Transcribe the line holding "同一天,外交部发言人陆慷也就" together with every line after it, through the end of the records, exactly and with no pictures.

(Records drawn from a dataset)
:::::

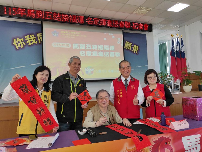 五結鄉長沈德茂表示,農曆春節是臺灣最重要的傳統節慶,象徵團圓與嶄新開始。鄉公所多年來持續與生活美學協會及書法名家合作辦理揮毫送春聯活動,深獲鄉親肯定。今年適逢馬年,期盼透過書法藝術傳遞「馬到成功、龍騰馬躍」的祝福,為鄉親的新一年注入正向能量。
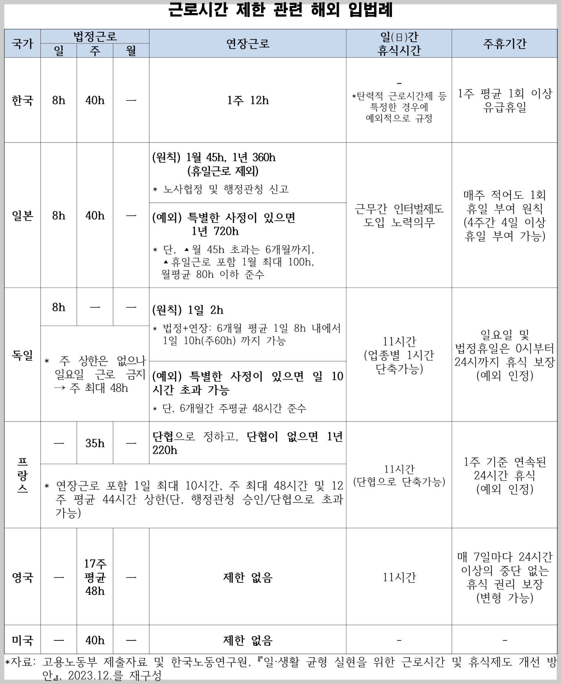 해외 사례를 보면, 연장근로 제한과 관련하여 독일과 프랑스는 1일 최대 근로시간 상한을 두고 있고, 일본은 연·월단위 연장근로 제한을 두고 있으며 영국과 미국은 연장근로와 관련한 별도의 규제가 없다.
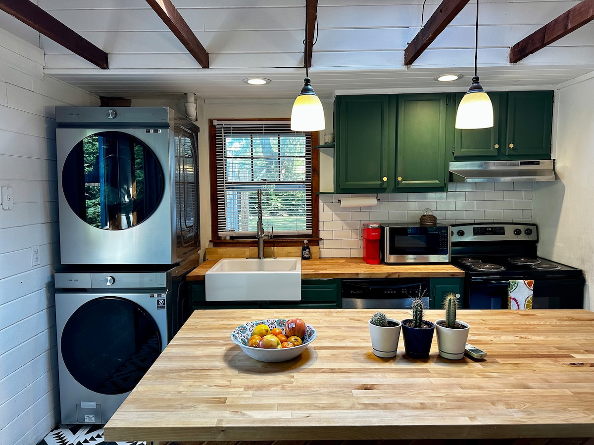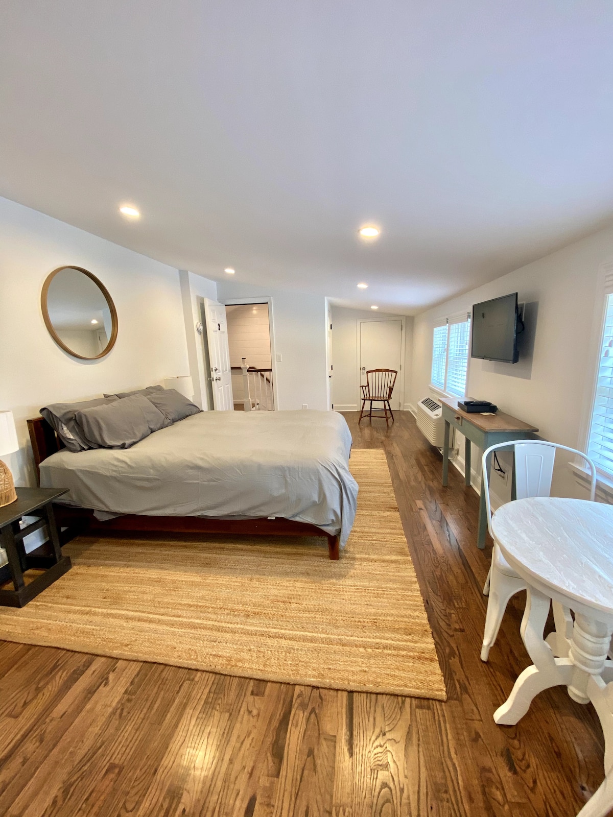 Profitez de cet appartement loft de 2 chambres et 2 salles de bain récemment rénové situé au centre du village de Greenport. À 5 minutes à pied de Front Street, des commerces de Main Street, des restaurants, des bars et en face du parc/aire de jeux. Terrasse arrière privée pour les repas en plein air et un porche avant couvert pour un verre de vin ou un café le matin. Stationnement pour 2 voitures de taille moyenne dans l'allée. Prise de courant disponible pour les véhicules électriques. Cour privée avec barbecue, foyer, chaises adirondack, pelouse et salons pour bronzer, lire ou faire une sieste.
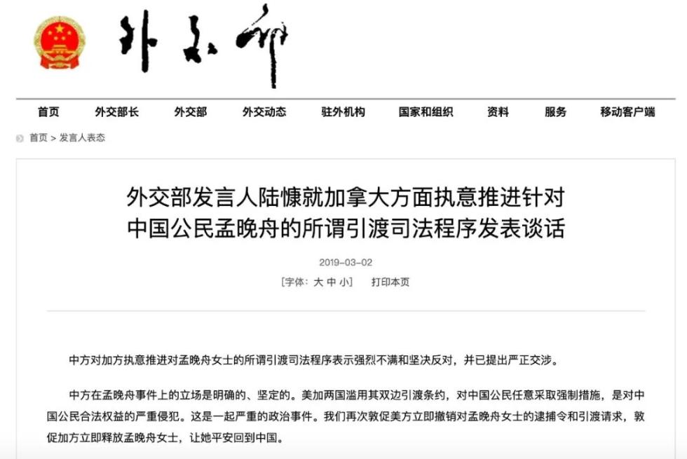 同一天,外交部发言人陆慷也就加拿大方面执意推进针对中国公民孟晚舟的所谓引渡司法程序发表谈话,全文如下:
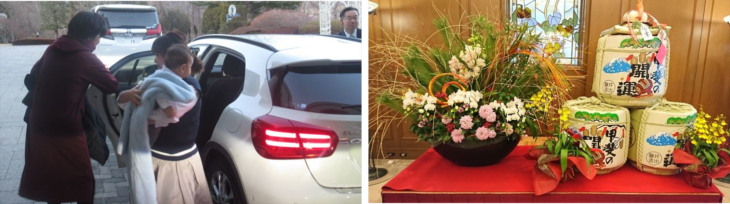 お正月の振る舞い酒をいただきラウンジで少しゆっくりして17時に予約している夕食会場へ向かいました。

:::::

◆ Response to this task
 同一天,外交部发言人陆慷也就加拿大方面执意推进针对中国公民孟晚舟的所谓引渡司法程序发表谈话,全文如下:
 お正月の振る舞い酒をいただきラウンジで少しゆっくりして17時に予約している夕食会場へ向かいました。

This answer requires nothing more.